Why did this happen? Berry suggests that our culture has a fundamental lack of ability to see things as they are. The supposedly rational mind of the Western man views nature as a resource, a repository of wealth waiting to be extracted, and made of use to man. The immediate use value of tallgrass prairie is not apparent to the rational eye, but the soil beneath has obvious value. So, the one is removed to extract the value of the other. Anywhere you have a mining operation, you see this principle in horrifying action. Mountains in West Virginia have no obvious value, but the coal seams within them do. The mountain, then, must go. The boreal forest atop the Alberta tar sands? Valuable insofar as the wood can be sold. The life of the Gulf of Mexico? Of no use compared the the oil beneath the sea bed.

A recent letter to the editor about a proposed taconite mine in Wisconsin illustrates this point with frightening clarity. The mine should go forward, says the writer, because the taconite, in the ground, "isn't doing anyone any good." Apart from its value as a resource for industrial age humans, the taconite is worthless. This, I think, is a fatal blind spot in the Western view of the world. We are, finally, incapable of seeing the world as it is.

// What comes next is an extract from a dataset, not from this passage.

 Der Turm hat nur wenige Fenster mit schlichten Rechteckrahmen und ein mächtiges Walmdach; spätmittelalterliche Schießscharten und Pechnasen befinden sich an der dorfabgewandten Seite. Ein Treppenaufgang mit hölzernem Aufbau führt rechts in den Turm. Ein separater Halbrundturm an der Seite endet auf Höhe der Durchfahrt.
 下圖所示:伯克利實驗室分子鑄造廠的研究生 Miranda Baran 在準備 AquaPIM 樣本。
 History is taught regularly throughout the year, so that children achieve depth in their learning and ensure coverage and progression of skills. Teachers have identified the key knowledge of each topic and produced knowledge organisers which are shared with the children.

The Western religious tradition is also an abject failure in this respect. Berry notes that with its focus on personal salvation through a singular Savior, and its view of nature as corrupt, rather than as a manifestation of divinity, inherently sacred and inspirational, mainstream Christianity has little to say about the culture's inexorable destruction of the planet. The kingdom of God is elsewhere, not here, and because the world is devoid of divinity, Western religion can't be bothered to stir itself to its defense. In fact, anyone who finds divinity in God's actual creation is regarded as a heathen. To be truly Godly is to find not a speck of divinity in creation, the better to make money off its despoiling.

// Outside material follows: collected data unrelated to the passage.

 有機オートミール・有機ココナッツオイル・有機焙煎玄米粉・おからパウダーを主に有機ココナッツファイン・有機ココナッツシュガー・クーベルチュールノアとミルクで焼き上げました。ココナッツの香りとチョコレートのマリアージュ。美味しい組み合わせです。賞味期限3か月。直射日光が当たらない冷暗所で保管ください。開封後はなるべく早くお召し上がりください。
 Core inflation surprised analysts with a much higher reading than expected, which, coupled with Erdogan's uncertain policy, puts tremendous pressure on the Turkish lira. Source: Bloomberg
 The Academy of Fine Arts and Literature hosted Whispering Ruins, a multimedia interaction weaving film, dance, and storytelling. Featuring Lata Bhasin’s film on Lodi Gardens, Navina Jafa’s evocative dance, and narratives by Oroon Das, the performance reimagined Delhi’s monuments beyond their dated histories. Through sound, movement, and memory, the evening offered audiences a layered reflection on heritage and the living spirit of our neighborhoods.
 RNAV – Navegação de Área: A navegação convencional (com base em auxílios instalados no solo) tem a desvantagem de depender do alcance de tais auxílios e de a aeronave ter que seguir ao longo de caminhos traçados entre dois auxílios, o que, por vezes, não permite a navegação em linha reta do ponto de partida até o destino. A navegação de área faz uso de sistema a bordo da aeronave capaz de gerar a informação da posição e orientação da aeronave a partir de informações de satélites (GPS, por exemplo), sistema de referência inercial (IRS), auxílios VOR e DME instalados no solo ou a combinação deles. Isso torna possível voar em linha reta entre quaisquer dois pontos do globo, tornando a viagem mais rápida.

"Consider the lilies ... they neither toil nor spin; and yet I say to you, even Solomon in all his glory was not arrayed like one of these," says Jesus, who was not afraid of invoking the miracle of the world around him. Unfortunately, modern Judeo-Christian religion has little use for the lilies, so busy is it with convincing its adherents that this world is the fallen one, and therefore of little concern. Like the Western scientific and technological tradition, Judeo-Christian tradition suffers terribly, fatally, from a lack of sight. Nature is fallen, and that is the end of it.

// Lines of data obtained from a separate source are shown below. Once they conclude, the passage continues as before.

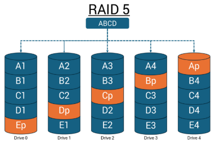 RAID 5 spreads data and parity (error-checking info) across at least three drives. If one drive fails, the system can rebuild the missing data using the parity.
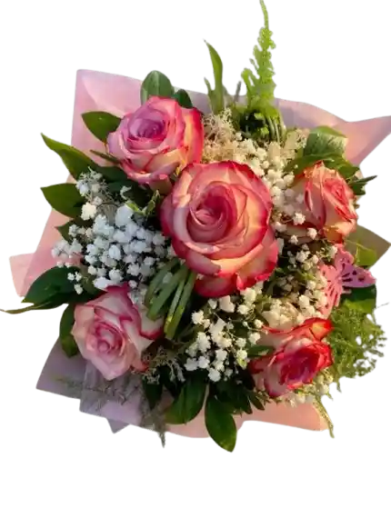 Un bouquet sofisticado de rosas en tonos rosados con delicados complementos florales, perfecto para expresar amor y ternura con estilo. Flores frescas de calidad premium, seleccionadas y armadas profesionalmente para un diseño armónico y elegante. Algunas flores pueden variar según la disponibilidad de temporada, manteniendo siempre la estética y el valor del arreglo. Incluye tarjeta personalizada sin costo adicional.
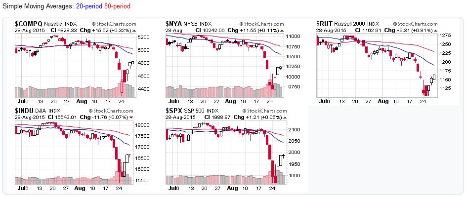 All major stock market averages remained below their 20-day moving averages.
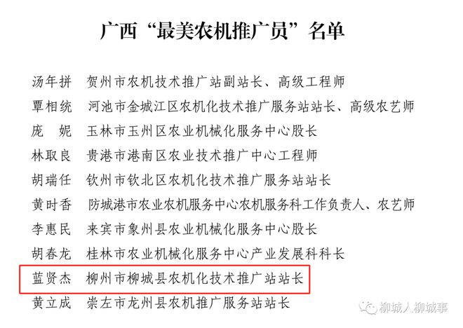 近日,廣西壯族自治區(qū)農(nóng)業(yè)機械化服務(wù)中心公布廣西“最美農(nóng)機推廣員”、優(yōu)秀農(nóng)機化示范項目、十佳農(nóng)機應(yīng)急救災(zāi)保障服務(wù)組織名單。其中,柳城縣農(nóng)機化技術(shù)推廣站站長藍賢杰榮獲廣西“最美農(nóng)機推廣員”稱號。
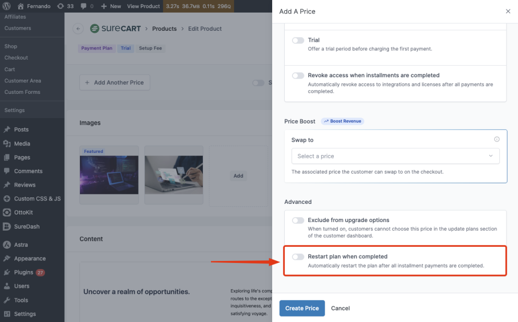 After setting up your SureCart store, Go to your WordPress dashboard.
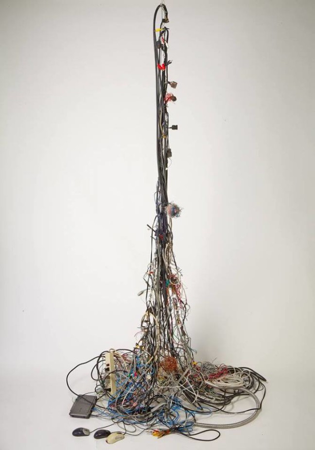With much of her material recycled from electronic and computer components, her ability to take technological detritus and reshape it creates works that are both haunting and alive, as if instead of conducting electrical current they are conducting the energy of art. Like her deeply dimensional sculptures, her 2D work is also focused on the linear, whether she is working with graphite, acrylic, oil, ink, or patterns created with the staples as a kind of embroidery.
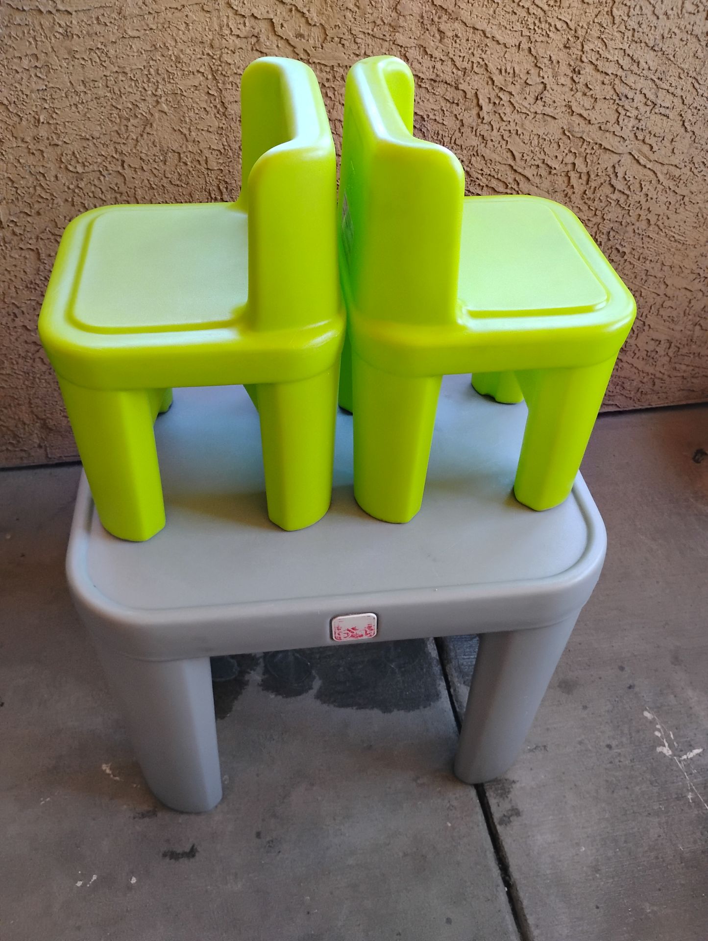 Little tikes table and chairs for toddler size children. Very sturdy and clean.
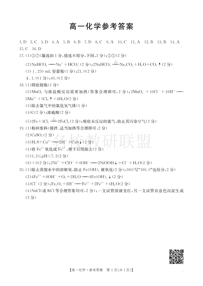 广东省佛山市H7联盟2024-2025学年高一上学期12月联考 化学答案
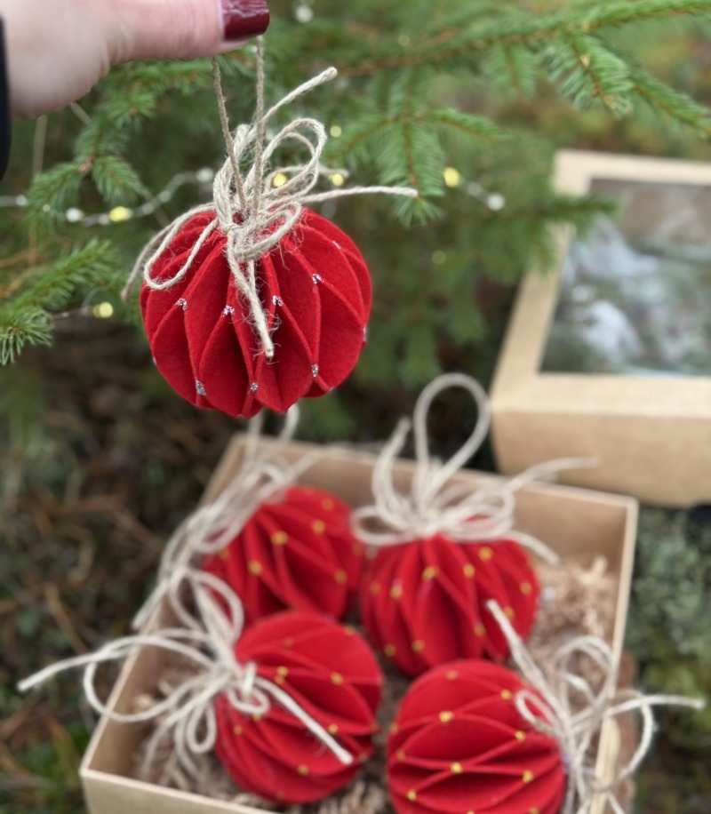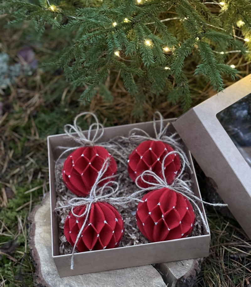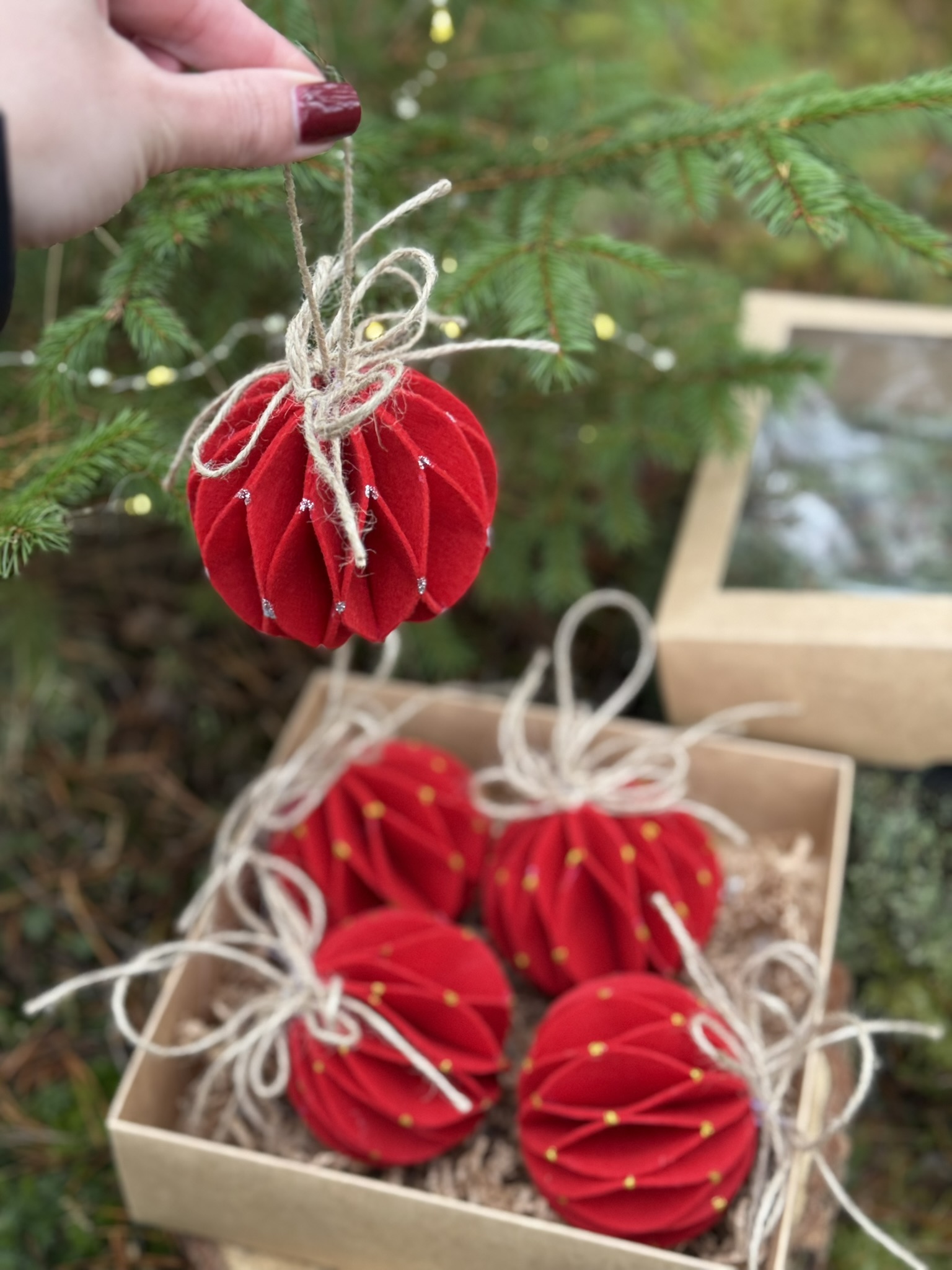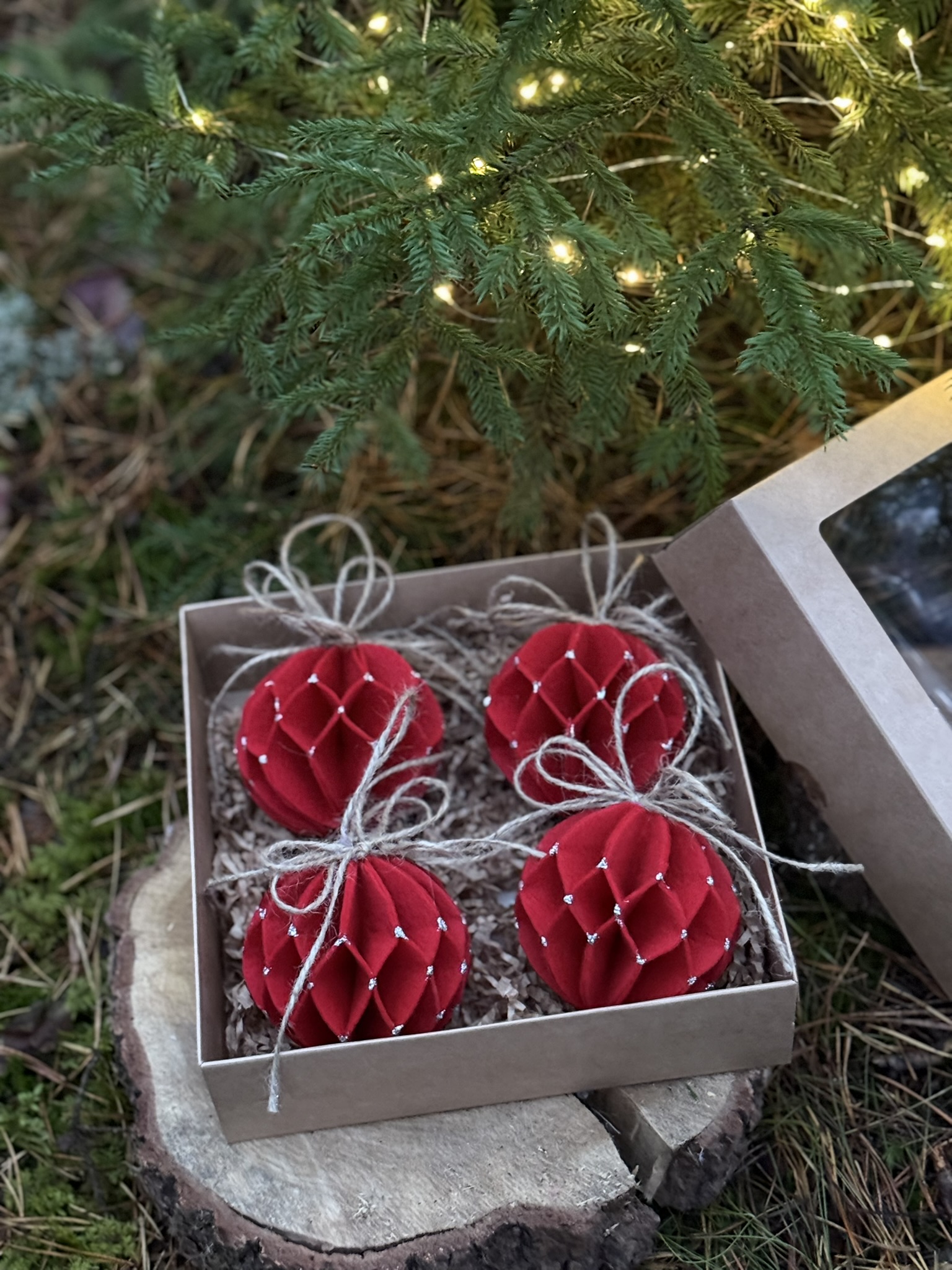 - Kalėdinių eglutės žaisliukų rinkinys (4 vnt. raudonas)

But, as Berry and de Chardin observe, sight is vital. We are blind to so much of this world. The great prairies were plowed under because settlers did not see them as whole or sacred or a manifestation of the divine or as a magnificent example of God's creation, possessed of the right to exist. In short, they didn't pause and experience them as of value in and of themselves. They were experienced and seen only in terms of their own needs, which is to say that they weren't seen at all.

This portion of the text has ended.